Santa Marta is the oldest city in Colombia and a popular tourist destination, known for its beautiful landscapes. It is also home to a large number of Venezuelan migrants and Colombians affected by the decades-long civil conflict. Children and adolescents have been especially impacted by conflict and displacement in Colombia. Between 2020 and 2021, there was an 88 percent increase in conflict-affected children and youth in the country, as well as an increase in the number of children and adolescents recruited into armed groups.
From our decades of experience, the Women’s Refugee Commission (WRC) knows that the needs of displaced and conflict-affected adolescent girls are often overlooked. When humanitarian actors do pay attention, it is usually to ensure access to schooling, but adolescent girls often lack access to sexual and reproductive health information and services, opportunities to develop critical skills for future employment, and develop social networks. Also, adolescent girls themselves are not generally involved in providing their ideas and input into programs that will benefit them.

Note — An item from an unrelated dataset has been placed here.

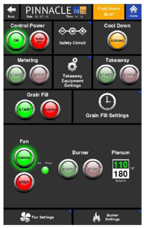 Cool Down mode can be forced by simply pressing the Cool Down button on the Controls page. Doing so will shut down the burner(s), fill cycle and metering. Equipment associated with Takeaway 1 and 2 will begin their shutdown sequence after the takeaway timer, on the fan settings page, expires. The fan(s) will shut down as soon as the Cool down timer, also on the fan settings page, expires.

WRC set out to address these challenges when we created the I’m Here approach. Using I’m Here, humanitarian organizations can identify where adolescent girls live, what their needs are, and what services and resources are (or are not) available for them. The I’m Here approach is used as an entry point to develop more inclusive and holistic programs to serve the needs of adolescent girls.

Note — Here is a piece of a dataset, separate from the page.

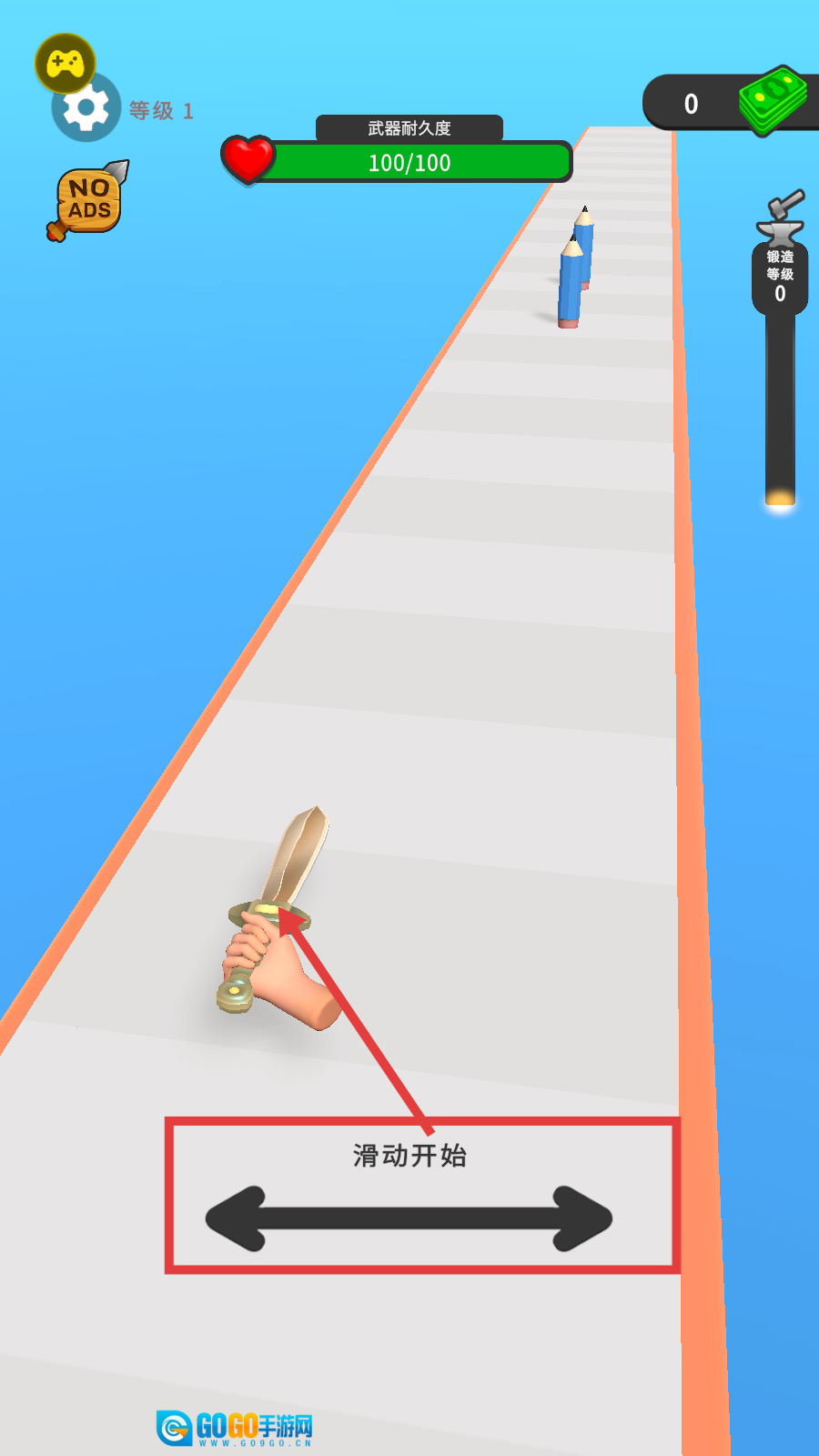 1、滑动开始游戏,初始【武器耐久度-100/100】,操控武器开始闯关,注意保持耐久。

I recently traveled to Santa Marta to implement the I’m Here approach with Tiempo de Juego, a Colombian organization that builds social connections for adolescents and youth through sports and play. On the first day of my visit, Tiempo de Juego staff and I walked street by street through the La Lucha neighborhood, where Tiempo de Juego is located, to identify existing services, programs, and resources for adolescents.
In settings where WRC has used the I’m Here approach to expand access to opportunities for adolescent girls, including in both refugee camps and urban settings in Bangladesh, Lebanon, and South Sudan, this exercise took several hours, and resulted in upwards of 10 or 20 locations that provided some type of service or program for adolescents.
But in Santa Marta, after just one hour, we were finished, having identified only four locations providing any type of targeted services or programs for adolescents: two schools, one church, and Tiempo de Juego. I began to wonder just how many adolescents here might be excluded from essential opportunities to support them and prepare them for adulthood.
On the third day of my visit, Tiempo de Juego conducted an adolescent mapping exercise, a short survey administered door-to-door that provides a demographic snapshot of the adolescents living in a community. In looking at the results I was, again, surprised. More than 40 percent of adolescents living in the La Lucha neighborhood had participated in Tiempo de Juego’s programming, a much greater program participation rate than in other settings where we’ve worked.
My visit to Santa Marta confirmed that there is no one-size-fits-all plan for addressing the needs of adolescent girls. Since 2014, the I’m Here approach has been used in more than 30 contexts around the world, each of which has unique opportunities and challenges. In Santa Marta, the accessibility of Tiempo de Juego provides an immense opportunity to link adolescent girls to services outside their walkable neighborhoods—something that may be possible thanks to access to public transit. Thinking creatively with Tiempo de Juego about how the I’m Here approach can support what is already a remarkable program reach was refreshing confirmation that the approach is adaptable to varying situations and contexts.
In line with WRC’s philosophy of always working directly with people affected by conflict and crises, in the next phase of the I’m Here approach in Colombia, Tiempo de Juego will be consulting with different sub-groups of adolescents to better understand their diverse and unique priorities and interests for future programming. I am confident that, in doing so, we will be able to address some of the challenges and opportunities for adolescent girls living in La Lucha through ideas and solutions from those who know best: adolescent girls themselves.